#### [Work instructions]
Starting with the line that has "私は真あなご天つけ蕎麦で、妻が大海老天つけ蕎麦を注文しました。" in the records below and stopping after the line that has "The following graph", output every line exactly and nothing else; skip pictures.

#### [Dataset content]
::::::::::

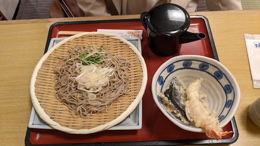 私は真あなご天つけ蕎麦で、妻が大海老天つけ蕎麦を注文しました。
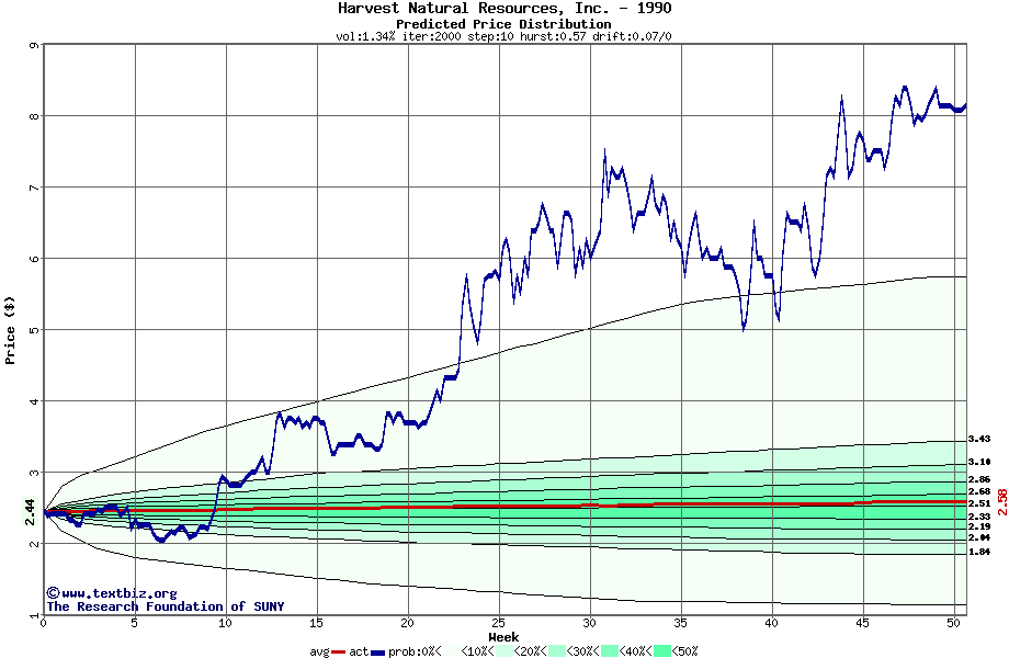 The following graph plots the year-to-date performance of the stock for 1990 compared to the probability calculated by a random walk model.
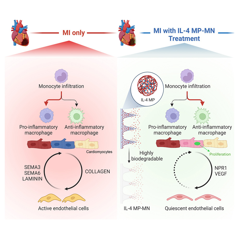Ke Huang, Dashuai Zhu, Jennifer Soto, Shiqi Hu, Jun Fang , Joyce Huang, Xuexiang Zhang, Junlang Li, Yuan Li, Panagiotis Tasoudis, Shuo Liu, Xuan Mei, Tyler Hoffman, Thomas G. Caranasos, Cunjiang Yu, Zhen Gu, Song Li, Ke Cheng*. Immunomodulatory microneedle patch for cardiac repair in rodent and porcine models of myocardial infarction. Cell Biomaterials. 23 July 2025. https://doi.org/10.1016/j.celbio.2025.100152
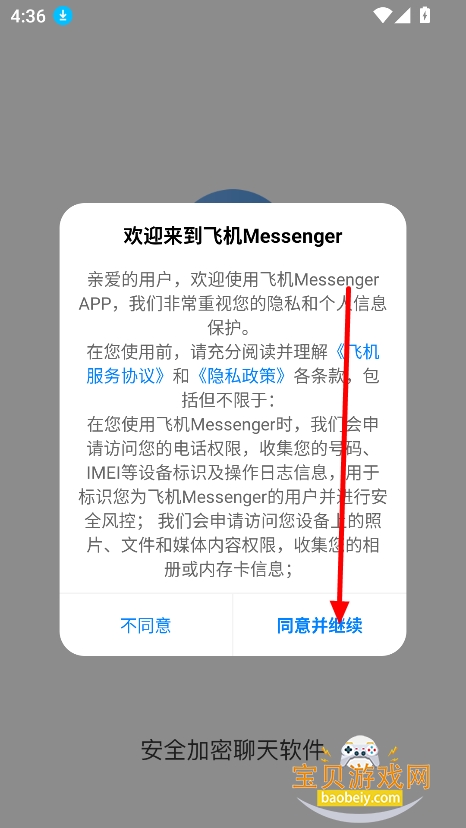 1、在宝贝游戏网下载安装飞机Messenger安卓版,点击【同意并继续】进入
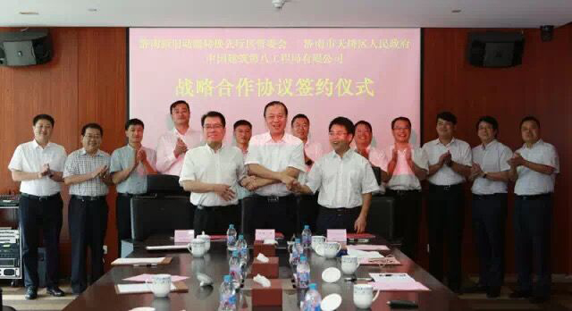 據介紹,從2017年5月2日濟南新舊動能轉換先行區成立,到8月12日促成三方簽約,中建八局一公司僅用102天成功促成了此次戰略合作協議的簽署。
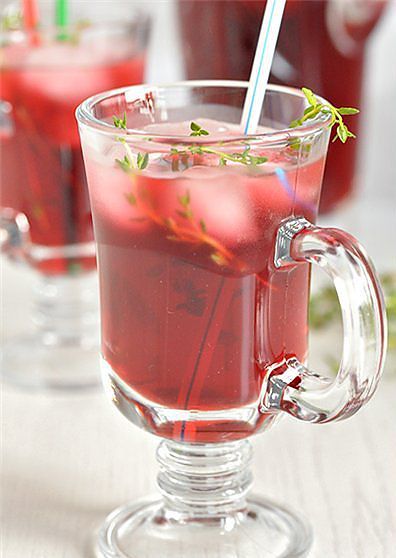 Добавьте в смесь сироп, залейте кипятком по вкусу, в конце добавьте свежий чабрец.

::::::::::

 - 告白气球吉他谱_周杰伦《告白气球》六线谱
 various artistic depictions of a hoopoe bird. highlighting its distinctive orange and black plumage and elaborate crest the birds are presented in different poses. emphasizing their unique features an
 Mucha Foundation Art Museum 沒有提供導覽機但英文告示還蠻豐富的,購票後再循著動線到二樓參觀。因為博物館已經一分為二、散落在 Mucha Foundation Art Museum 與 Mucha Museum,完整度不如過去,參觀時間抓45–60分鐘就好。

::::::::::

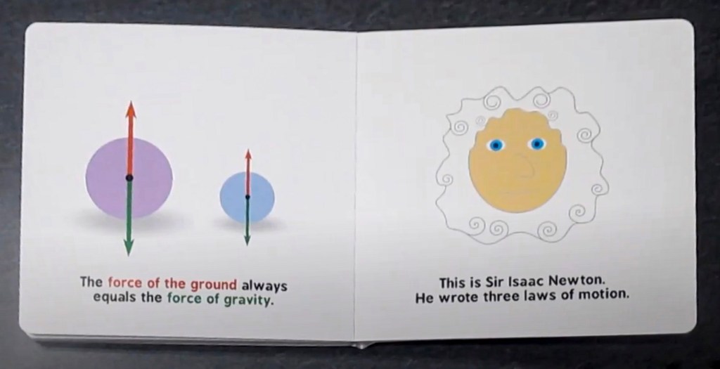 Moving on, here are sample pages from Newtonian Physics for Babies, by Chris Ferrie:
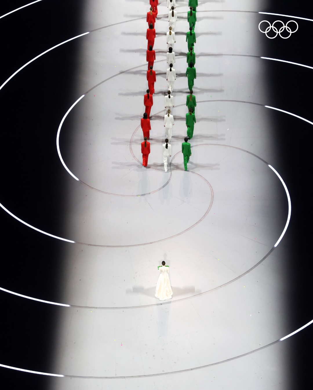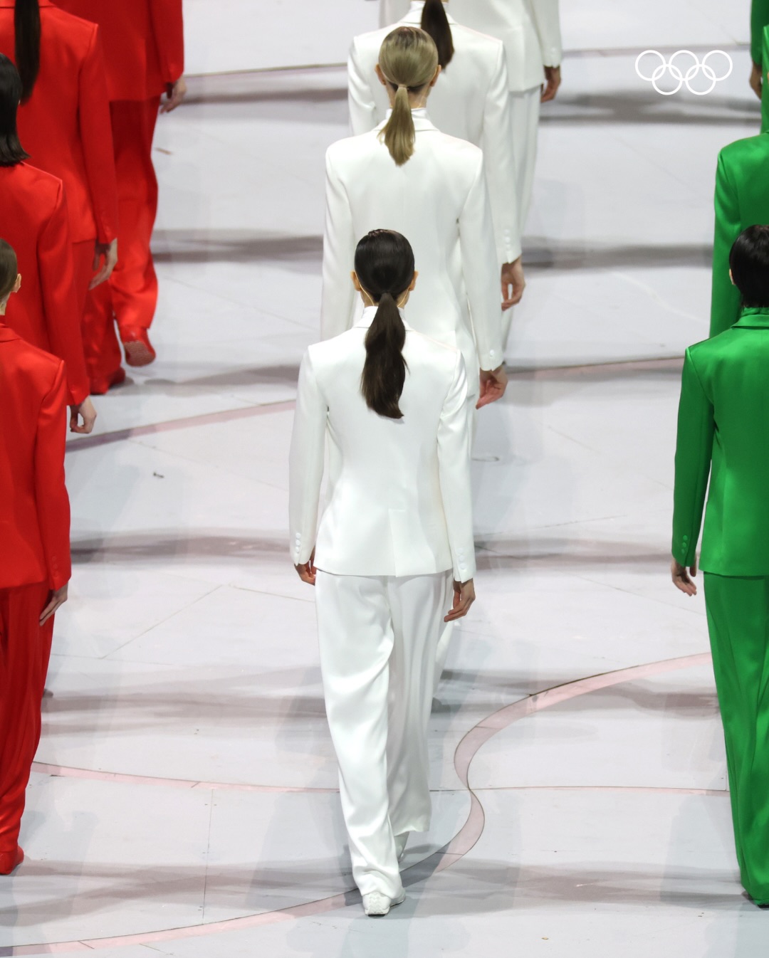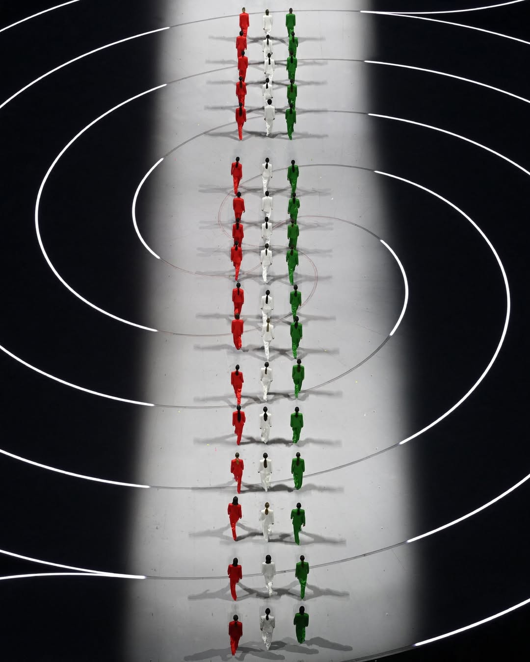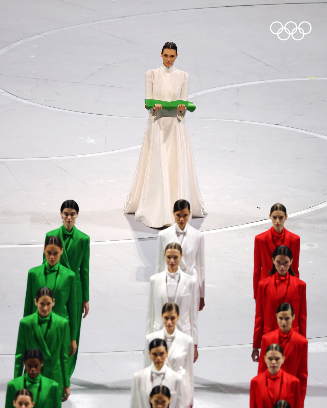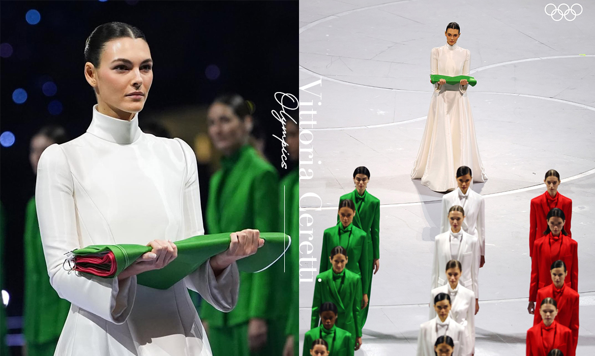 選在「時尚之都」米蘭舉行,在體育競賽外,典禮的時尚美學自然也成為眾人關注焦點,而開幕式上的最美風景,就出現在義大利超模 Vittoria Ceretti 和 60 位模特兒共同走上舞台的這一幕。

::::::::::

#### [Task answer]
 私は真あなご天つけ蕎麦で、妻が大海老天つけ蕎麦を注文しました。
 The following graph plots the year-to-date performance of the stock for 1990 compared to the probability calculated by a random walk model.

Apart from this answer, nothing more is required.